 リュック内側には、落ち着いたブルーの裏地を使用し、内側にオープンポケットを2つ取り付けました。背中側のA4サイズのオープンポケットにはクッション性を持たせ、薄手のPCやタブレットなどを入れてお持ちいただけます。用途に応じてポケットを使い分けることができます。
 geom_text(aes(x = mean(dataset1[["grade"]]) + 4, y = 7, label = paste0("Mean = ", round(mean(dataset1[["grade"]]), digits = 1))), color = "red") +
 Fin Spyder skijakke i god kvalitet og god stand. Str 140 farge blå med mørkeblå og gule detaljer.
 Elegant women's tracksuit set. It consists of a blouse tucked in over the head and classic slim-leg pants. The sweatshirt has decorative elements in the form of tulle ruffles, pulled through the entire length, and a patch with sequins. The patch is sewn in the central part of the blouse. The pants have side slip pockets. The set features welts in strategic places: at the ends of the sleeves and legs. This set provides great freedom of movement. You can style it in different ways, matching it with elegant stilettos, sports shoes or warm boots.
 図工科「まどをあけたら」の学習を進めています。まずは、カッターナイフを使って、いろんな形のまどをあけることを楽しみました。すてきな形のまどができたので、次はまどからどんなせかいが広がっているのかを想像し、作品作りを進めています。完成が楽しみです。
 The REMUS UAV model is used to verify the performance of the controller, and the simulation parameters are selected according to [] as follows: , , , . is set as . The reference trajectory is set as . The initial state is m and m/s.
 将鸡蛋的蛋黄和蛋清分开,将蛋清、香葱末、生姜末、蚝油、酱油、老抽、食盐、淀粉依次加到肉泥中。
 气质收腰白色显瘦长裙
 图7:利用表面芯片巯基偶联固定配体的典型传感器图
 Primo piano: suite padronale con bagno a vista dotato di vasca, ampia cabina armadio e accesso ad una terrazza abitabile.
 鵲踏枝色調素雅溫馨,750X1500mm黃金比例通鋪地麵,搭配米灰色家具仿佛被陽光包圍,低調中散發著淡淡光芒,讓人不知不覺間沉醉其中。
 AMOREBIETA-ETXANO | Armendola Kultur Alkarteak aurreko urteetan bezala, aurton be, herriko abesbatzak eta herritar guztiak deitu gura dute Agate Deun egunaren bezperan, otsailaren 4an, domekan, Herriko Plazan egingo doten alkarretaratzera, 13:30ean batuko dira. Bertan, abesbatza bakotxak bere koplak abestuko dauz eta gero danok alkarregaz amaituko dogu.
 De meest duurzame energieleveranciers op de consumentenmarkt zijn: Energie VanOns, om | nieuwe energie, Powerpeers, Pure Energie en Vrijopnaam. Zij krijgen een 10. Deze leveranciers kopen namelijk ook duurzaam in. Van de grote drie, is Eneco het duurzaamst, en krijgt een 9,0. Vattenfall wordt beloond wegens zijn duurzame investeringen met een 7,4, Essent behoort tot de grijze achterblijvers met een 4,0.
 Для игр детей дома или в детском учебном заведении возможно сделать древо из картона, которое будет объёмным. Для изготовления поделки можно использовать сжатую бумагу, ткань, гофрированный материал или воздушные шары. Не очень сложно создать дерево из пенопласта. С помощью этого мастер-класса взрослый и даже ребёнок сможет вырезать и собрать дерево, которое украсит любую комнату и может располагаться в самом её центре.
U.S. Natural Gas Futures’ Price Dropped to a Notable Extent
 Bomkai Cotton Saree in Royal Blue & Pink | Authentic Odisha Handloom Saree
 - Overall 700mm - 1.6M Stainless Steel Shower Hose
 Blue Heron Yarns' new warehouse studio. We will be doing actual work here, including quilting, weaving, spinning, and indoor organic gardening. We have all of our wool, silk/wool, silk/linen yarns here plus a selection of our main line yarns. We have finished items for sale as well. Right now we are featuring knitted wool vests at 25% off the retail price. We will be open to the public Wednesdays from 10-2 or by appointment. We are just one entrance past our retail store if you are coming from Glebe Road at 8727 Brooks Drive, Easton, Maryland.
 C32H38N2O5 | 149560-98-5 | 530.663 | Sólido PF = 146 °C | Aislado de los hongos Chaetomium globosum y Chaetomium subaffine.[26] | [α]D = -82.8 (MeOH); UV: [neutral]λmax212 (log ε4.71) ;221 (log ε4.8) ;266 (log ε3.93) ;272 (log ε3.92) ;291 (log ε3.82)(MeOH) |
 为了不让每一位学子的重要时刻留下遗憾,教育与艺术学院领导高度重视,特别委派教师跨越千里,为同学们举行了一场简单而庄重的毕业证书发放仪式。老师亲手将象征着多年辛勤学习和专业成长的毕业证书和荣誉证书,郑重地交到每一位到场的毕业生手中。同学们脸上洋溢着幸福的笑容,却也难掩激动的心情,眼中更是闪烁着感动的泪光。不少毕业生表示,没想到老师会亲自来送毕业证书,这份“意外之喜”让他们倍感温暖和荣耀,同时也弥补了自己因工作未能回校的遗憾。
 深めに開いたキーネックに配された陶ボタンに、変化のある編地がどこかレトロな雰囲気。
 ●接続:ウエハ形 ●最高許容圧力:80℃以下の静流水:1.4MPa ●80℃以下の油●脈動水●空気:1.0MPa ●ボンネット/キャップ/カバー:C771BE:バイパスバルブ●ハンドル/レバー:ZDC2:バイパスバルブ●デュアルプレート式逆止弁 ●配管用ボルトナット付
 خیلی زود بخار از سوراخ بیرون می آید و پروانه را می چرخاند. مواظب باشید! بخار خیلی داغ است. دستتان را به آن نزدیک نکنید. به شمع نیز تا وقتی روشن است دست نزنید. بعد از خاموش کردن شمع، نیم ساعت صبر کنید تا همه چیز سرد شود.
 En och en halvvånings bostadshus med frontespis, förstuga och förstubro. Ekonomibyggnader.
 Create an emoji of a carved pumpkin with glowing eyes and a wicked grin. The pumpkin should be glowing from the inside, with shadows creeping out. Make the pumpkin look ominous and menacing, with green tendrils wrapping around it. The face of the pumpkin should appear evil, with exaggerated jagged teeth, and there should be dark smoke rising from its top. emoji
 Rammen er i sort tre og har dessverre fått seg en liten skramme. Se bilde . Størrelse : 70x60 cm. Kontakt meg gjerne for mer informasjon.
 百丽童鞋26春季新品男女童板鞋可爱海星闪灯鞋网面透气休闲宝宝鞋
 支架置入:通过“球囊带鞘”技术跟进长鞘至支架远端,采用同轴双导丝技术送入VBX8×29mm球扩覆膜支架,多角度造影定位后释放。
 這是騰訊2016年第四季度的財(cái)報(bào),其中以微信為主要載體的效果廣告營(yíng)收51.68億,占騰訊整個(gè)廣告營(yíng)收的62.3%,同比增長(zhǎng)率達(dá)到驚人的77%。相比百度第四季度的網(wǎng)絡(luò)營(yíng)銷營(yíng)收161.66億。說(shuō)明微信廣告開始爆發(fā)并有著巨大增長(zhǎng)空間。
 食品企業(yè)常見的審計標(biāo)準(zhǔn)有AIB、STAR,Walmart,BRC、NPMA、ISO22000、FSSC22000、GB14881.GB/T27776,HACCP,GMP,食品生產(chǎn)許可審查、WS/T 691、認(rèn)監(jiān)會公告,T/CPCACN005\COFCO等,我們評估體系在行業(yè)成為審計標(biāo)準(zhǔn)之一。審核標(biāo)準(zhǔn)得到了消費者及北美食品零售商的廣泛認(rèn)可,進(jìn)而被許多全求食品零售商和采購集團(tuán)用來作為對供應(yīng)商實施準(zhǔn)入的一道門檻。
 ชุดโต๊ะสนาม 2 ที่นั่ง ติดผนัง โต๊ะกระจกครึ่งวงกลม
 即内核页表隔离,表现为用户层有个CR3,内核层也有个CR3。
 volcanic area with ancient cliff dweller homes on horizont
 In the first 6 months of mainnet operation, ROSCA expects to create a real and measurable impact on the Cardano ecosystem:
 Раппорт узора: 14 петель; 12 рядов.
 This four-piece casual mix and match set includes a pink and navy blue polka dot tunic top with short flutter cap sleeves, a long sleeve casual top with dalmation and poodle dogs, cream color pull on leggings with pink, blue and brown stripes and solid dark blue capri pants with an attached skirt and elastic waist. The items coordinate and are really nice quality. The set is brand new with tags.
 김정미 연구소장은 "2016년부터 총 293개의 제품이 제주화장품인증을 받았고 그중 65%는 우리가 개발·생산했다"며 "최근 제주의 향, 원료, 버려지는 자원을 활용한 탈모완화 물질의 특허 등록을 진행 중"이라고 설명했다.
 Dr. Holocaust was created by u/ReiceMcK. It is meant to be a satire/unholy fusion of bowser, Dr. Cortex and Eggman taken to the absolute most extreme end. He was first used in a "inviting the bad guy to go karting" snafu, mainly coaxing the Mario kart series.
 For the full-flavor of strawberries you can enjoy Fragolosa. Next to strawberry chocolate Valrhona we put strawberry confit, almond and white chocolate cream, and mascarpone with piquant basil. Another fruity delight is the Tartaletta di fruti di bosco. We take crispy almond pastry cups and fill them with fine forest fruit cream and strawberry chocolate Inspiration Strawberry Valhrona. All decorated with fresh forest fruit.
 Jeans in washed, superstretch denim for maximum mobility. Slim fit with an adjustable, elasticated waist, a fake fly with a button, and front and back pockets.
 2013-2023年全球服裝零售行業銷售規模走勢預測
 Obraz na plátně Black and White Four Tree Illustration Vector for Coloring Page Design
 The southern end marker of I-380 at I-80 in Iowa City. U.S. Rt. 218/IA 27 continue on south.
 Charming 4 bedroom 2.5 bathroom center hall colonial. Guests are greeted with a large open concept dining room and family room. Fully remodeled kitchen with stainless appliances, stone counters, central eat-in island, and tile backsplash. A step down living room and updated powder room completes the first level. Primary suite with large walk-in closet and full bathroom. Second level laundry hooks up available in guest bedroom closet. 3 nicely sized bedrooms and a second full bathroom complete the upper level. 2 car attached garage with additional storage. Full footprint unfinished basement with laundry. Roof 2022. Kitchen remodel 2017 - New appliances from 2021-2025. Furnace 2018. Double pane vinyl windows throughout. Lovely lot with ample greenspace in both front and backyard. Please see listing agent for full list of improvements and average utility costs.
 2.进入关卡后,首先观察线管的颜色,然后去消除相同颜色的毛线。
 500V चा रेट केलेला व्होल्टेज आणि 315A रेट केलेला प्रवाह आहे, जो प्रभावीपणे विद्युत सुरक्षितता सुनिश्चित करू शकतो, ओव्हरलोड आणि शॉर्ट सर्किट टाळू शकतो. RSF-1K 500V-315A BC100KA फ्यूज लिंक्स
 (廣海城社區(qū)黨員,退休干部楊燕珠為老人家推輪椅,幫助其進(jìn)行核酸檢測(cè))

About this task: Look back at the entries above and repeat, unchanged, every line from the line holding "Для игр детей" through the line holding "U.S. Natural Gas".

Final answer:
 Для игр детей дома или в детском учебном заведении возможно сделать древо из картона, которое будет объёмным. Для изготовления поделки можно использовать сжатую бумагу, ткань, гофрированный материал или воздушные шары. Не очень сложно создать дерево из пенопласта. С помощью этого мастер-класса взрослый и даже ребёнок сможет вырезать и собрать дерево, которое украсит любую комнату и может располагаться в самом её центре.
U.S. Natural Gas Futures’ Price Dropped to a Notable Extent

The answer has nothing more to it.